Es müssen Szenen der Panik gewesen sein, die sich in der letzten Woche vor der Zeche abspielten. Hunderte Schüler strömten zur „Abi-Zulassungsparty“ in den Weitmarer Szene-Treff. In der Schlange wurde gedrängt, gestoßen. Schüler kamen zu Fall. Ein Mädchen zog sich schwere Wunden am Bein zu und musste ins Krankenhaus.

„Ein absoluter Ausnahmefall“, sagt Polizeisprecher Guido Meng. Auch im Präsidium kenne man die Vorwürfe über mangelnde Sicherheitsvorkehrungen, überfüllte Hallen und riskante Geschäftemacherei beim Kartenvorverkauf. „Aber da ist nichts dran. Es gibt keinerlei Erkenntnisse über Versäumnisse der veranstaltenden Agenturen.“

„Das wäre auch unser Aus“, sagt Max Sollmann („Abistars“), der für die Party in der Zeche verantwortlich war. „Wir haben das größte Interesse, das alles friedlich abläuft. vertrauen ist unsere Geschäftsgrundlage. Dafür tun wir im Vorfeld alles, halten beim Kartenverkauf einen Puffer vor, kooperieren mit dem Jugendamt, stellen eine eigene Security.“ Dass sich in der Warteschlange an der Zeche dennoch ein Mädchen verletzt hat, sei „sehr traurig, aber war von uns kaum zu verhindern“.

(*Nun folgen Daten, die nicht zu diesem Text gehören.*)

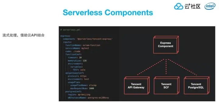 组件化方面,Serverless Framework按照业务的维度提供了不同的组件。例如它提供了Expres组件,如果你原来的应用是基于Express开发的,你就可以直接用该组件把原来的应用迁移到Serverless上面来。同时,这个框架提供了研发到上线的全生命周期管理和支持,包括从开发、调试,联调、测试、部署,整套DevOps的流程都被框架所支持。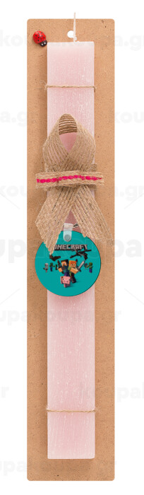 Minecraft Alex, Πασχαλινή Λαμπάδα με ξύλινο μπρελόκ & κερί αρωματικό πλακέ (30cm) (ΡΟΖ)

Polizei wird vorher nicht informiert

Stimmt, bekräftigt Polizeisprecher Meng. Der sensible Bereich der Abi-Partys liege nicht in, sondern vor den Diskos und Clubs. „In kürzester Zeit und nach langem Warten wollen alle auf einmal rein. Das kann zu brenzligen Situationen führen.“ Die Polizei könne darauf nur reagieren. Meng: „Weil es sich formell um geschlossene Veranstaltungen handelt, sind wir nicht über die Partys informiert. Vorbeugendes Handeln ist somit für uns nicht möglich.“

„Nur aus der Zeitung“ hat die Polizei erfahren, dass am Dienstagabend eine „Abitotal“-Fete im Prater stattfand. Nachdem es Ende 2012 auch hier zu Störungen kam (trotz gültiger Karten fanden Jugendliche keinen Einlass), wurden „vorsorglich“ Streifenwagen an der Dorstener Straße postiert. Zum Glück mussten die Beamten nicht eingreifen. Die Chaos Creator GmbH als Ausrichter hatte diesmal alles im Griff. „Nur“ 2000 Karten waren im Vorverkauf abgesetzt worden. Der Prater fasst 4000 Gäste.

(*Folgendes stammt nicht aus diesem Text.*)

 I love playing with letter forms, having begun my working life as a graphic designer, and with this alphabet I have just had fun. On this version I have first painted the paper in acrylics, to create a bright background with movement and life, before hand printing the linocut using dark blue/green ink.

Dennoch will auch das Jugendamt wachsam bleiben. „Die Abipartys“, sagt Leiter Dolf Mehring, „sind bei uns gerade nach den jüngsten Vorfällen intensiv im Fokus.“

Zwei Agenturen teilen sich den Markt

Den wachsenden Markt der Schülerpartys in Bochum teilen sich zwei Agenturen. Die Ruhrpol GmbH am Kerkwege mit Geschäftsführer Max Sollmann (26) hat seit fünf Jahren das Format „Abistars“ etabliert. Die Chaos Creator GmbH an der Kortumstraße mit Geschäftsführer Chuong Ngyuen (27) ist mit ihren „Abitotal“-Partys erfolgreich.

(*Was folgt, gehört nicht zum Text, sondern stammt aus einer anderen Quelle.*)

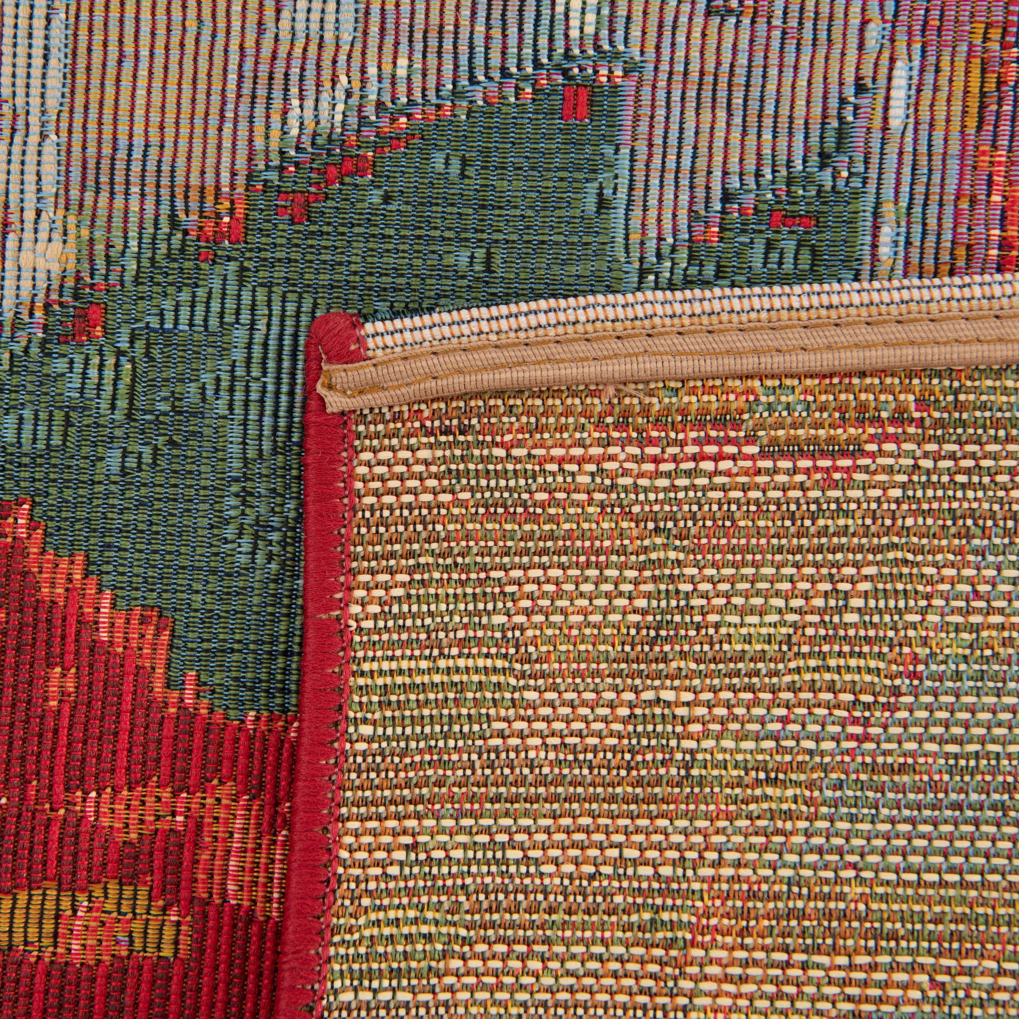 Primary color is Multi. Colors in this rug include: Multi, Blue, Light Blue, Light Green, Olive, Orange, Peach, Red, Tan, Terracotta, Yellow.

Das Geschäftsmodell ist stets das gleiche. Die Agenturen mieten angesagte Diskotheken und Clubs vom Prater bis zur Zeche, vom Apartment 45 bis zum Fridays an. Die Werbung läuft hauptsächlich über Facebook. Der Kartenverkauf wird über die Oberstufen der weiterführenden Schulen abgewickelt.

Beispiel „Abitotal“ am Dienstagabend im Prater: Die Karten kosteten sieben Euro. Zwei Euro pro verkauftem Ticket verbleiben bei den Abiturienten, die damit ihren Abi-Ball finanzieren. Fünf Euro behält der Veranstalter. Die Club-Betreiber kassieren den Getränkeumsatz (am Dienstag 5 Euro Mindestverzehr).

Bei meist vierstelligen Besucherzahlen sind die Abipartys somit für alle Beteiligten ein gutes Geschäft.

Einlass finden Jugendliche ab 16 Jahren. Dem Jugendschutzgesetz soll mit so genannten Erziehungsaufträgen Genüge getan werden. Wer unter 18 ist und nach Mitternacht weiterfeiern will, muss ein Formular von seinen Eltern unterschrieben lassen und die Aufsicht auf einen volljährigen Begleiter übertragen. Dieser Begleiter darf die Party nicht ohne den minderjährigen Schüler verlassen.